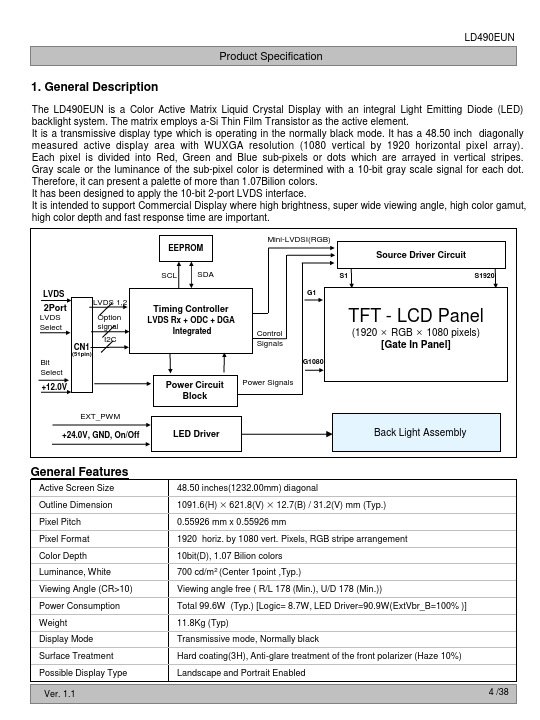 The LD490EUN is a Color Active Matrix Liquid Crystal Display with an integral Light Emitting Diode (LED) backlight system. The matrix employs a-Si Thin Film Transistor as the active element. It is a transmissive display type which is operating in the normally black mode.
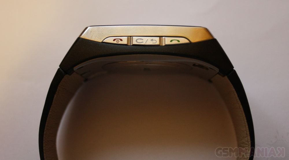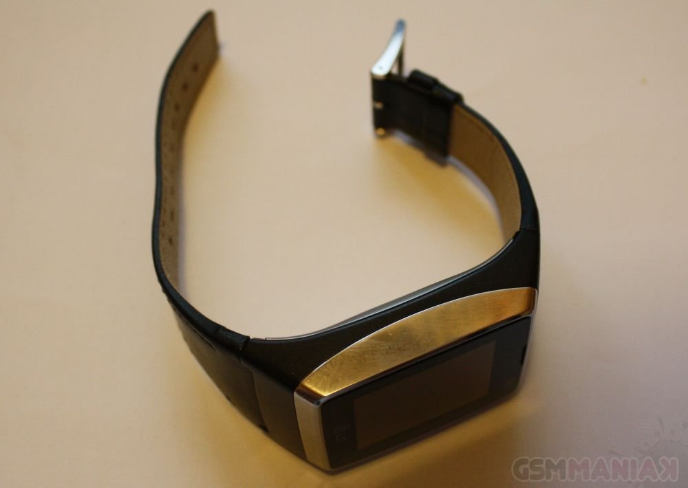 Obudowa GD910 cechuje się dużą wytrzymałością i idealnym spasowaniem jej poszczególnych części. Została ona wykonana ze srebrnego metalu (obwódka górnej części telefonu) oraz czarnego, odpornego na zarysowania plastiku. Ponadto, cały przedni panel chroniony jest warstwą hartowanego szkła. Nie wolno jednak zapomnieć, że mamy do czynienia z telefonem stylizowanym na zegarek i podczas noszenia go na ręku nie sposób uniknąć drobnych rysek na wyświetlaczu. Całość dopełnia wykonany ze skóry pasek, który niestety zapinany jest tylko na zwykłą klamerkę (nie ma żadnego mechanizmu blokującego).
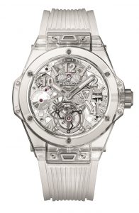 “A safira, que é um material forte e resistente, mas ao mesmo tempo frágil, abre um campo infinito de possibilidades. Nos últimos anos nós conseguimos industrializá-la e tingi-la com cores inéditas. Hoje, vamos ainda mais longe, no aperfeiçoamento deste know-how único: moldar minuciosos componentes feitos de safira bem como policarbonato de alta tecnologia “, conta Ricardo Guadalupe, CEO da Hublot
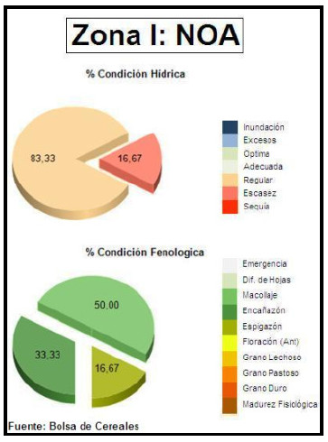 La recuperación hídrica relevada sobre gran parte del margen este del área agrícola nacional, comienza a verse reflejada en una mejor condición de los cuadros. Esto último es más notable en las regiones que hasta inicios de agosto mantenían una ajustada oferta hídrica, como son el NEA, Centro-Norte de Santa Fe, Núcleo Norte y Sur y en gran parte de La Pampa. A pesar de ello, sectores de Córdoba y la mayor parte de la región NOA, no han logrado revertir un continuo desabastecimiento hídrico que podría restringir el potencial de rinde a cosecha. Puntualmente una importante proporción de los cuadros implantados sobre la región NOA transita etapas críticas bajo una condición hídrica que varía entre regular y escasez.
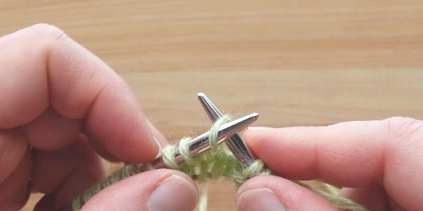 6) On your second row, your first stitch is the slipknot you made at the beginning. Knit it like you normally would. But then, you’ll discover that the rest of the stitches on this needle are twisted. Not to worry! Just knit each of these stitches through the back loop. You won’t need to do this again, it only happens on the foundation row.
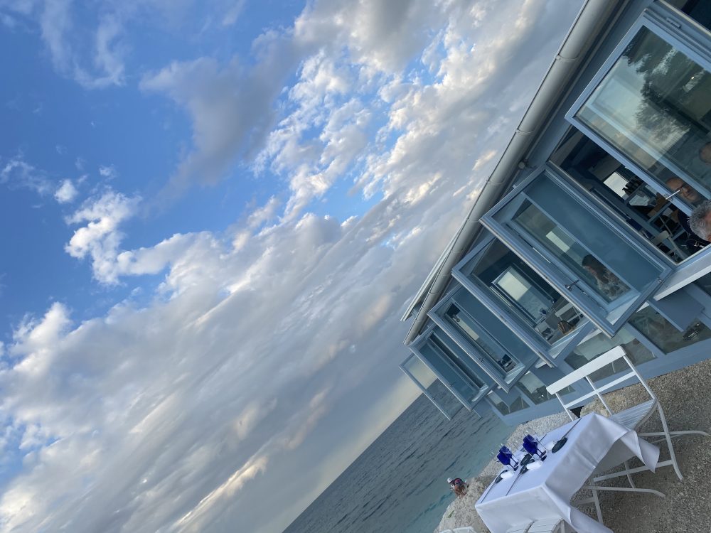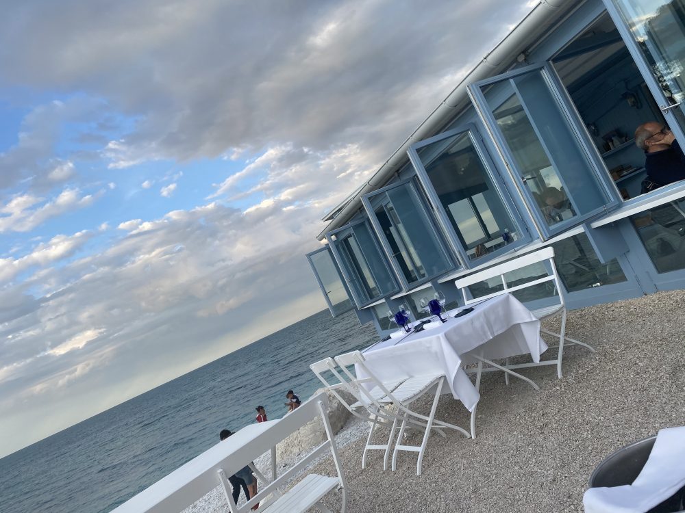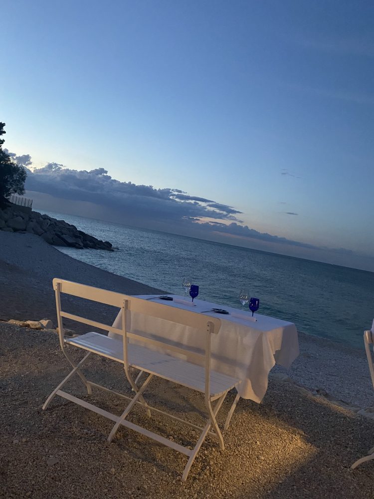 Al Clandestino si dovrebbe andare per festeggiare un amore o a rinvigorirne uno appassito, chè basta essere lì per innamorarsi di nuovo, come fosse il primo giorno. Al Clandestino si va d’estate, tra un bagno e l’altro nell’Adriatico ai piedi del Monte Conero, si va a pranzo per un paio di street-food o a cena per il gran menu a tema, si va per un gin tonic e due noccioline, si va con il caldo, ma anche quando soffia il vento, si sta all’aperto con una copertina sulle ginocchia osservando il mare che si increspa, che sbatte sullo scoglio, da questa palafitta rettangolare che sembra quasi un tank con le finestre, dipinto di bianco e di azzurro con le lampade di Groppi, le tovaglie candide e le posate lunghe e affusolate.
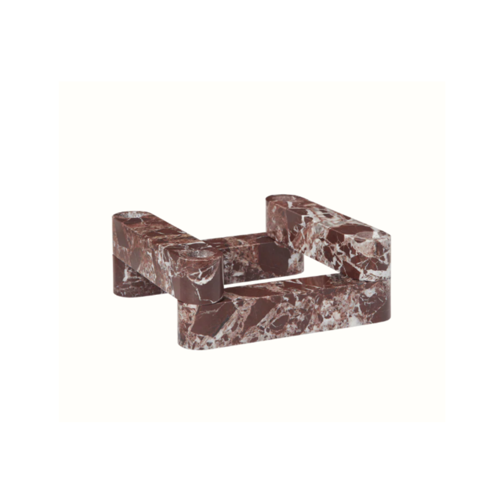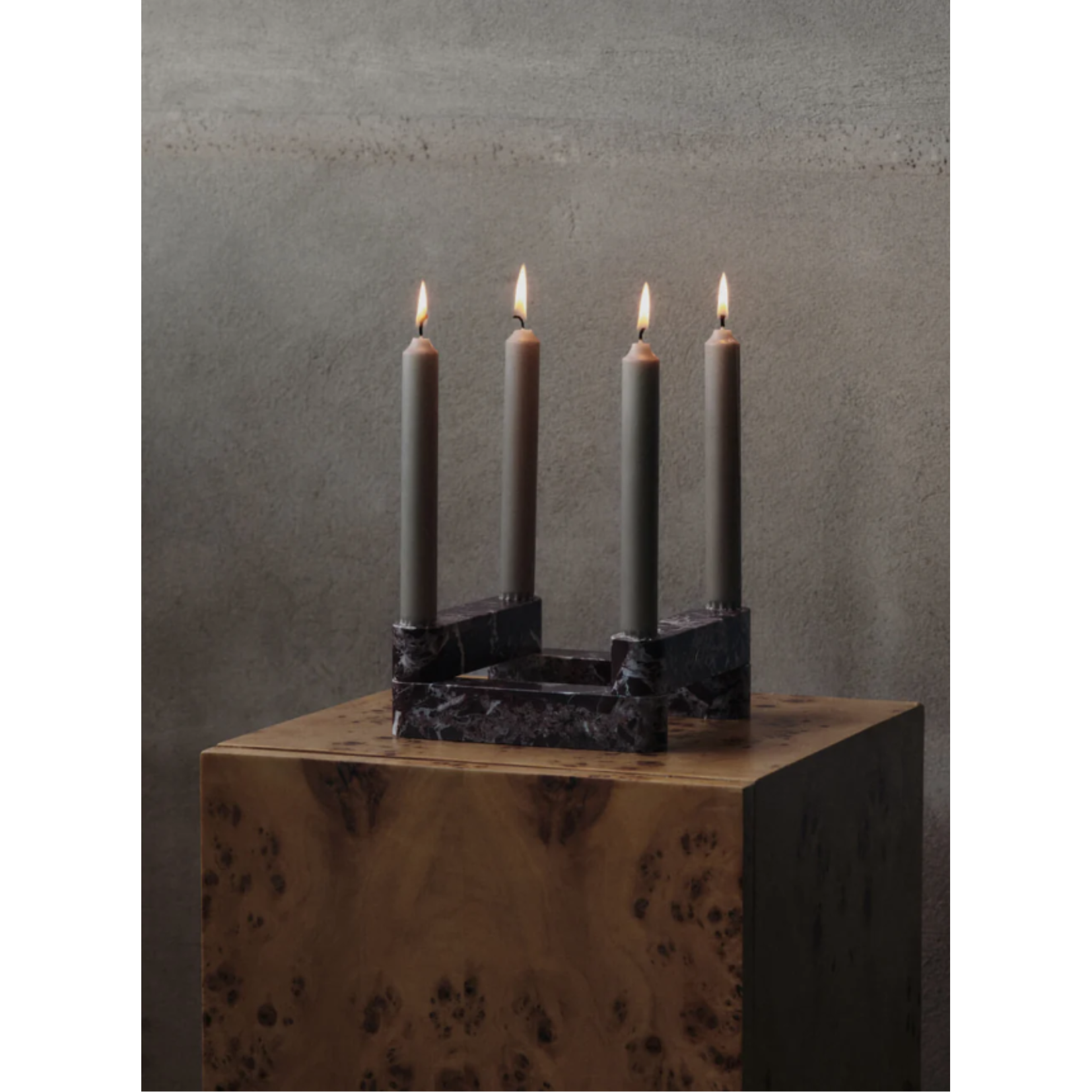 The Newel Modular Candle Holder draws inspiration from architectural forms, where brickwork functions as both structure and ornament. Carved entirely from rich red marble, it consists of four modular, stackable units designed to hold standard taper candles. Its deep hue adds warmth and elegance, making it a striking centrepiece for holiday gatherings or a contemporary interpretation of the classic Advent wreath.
★ ★ ★
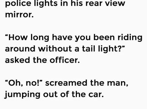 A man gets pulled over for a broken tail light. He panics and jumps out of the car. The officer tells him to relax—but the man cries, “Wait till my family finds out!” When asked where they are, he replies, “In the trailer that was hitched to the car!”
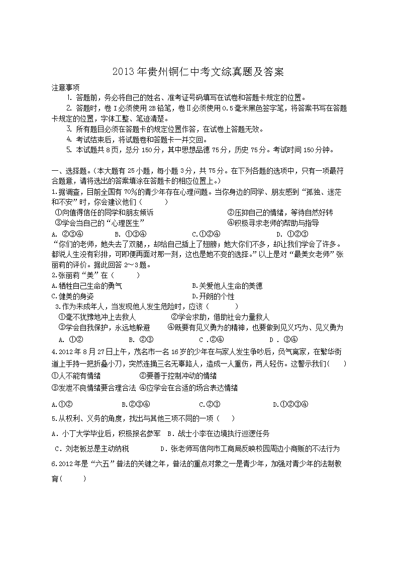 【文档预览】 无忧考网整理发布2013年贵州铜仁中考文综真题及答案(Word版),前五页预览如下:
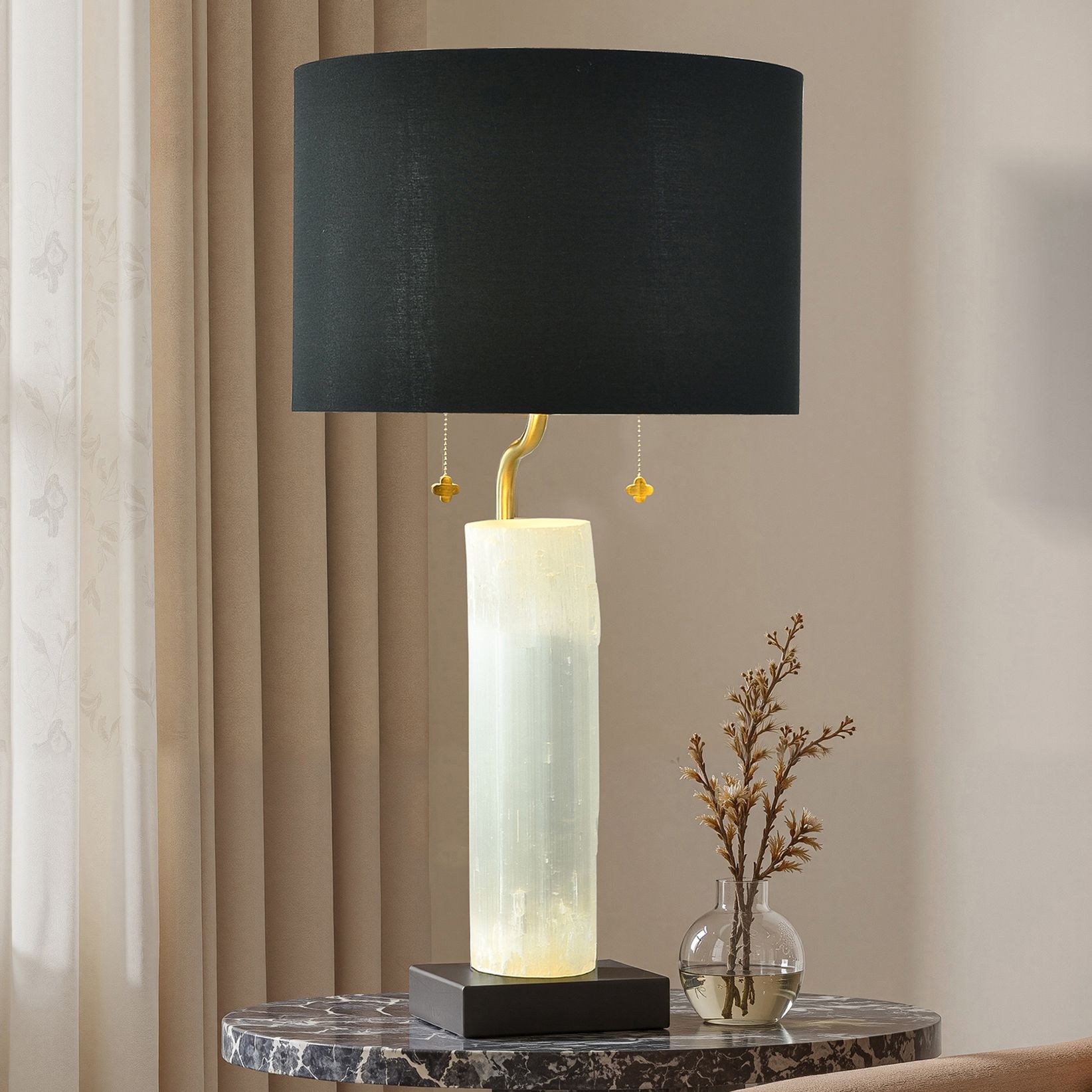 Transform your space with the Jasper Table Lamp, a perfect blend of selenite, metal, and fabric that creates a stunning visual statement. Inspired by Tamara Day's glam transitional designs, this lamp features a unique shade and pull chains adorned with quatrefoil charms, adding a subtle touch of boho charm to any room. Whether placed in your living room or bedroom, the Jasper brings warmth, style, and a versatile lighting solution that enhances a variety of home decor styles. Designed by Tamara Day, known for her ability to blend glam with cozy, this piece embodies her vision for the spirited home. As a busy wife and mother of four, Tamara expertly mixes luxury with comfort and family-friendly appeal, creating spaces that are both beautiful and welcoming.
★ ★ ★
[Exercise brief] Copy the lines above exactly, starting with the line that contains "The LD490EUN is" and ending with the line that contains "Obudowa GD910 cechuje", and leave out any pictures.

[Answer to this problem]
 The LD490EUN is a Color Active Matrix Liquid Crystal Display with an integral Light Emitting Diode (LED) backlight system. The matrix employs a-Si Thin Film Transistor as the active element. It is a transmissive display type which is operating in the normally black mode.
 Obudowa GD910 cechuje się dużą wytrzymałością i idealnym spasowaniem jej poszczególnych części. Została ona wykonana ze srebrnego metalu (obwódka górnej części telefonu) oraz czarnego, odpornego na zarysowania plastiku. Ponadto, cały przedni panel chroniony jest warstwą hartowanego szkła. Nie wolno jednak zapomnieć, że mamy do czynienia z telefonem stylizowanym na zegarek i podczas noszenia go na ręku nie sposób uniknąć drobnych rysek na wyświetlaczu. Całość dopełnia wykonany ze skóry pasek, który niestety zapinany jest tylko na zwykłą klamerkę (nie ma żadnego mechanizmu blokującego).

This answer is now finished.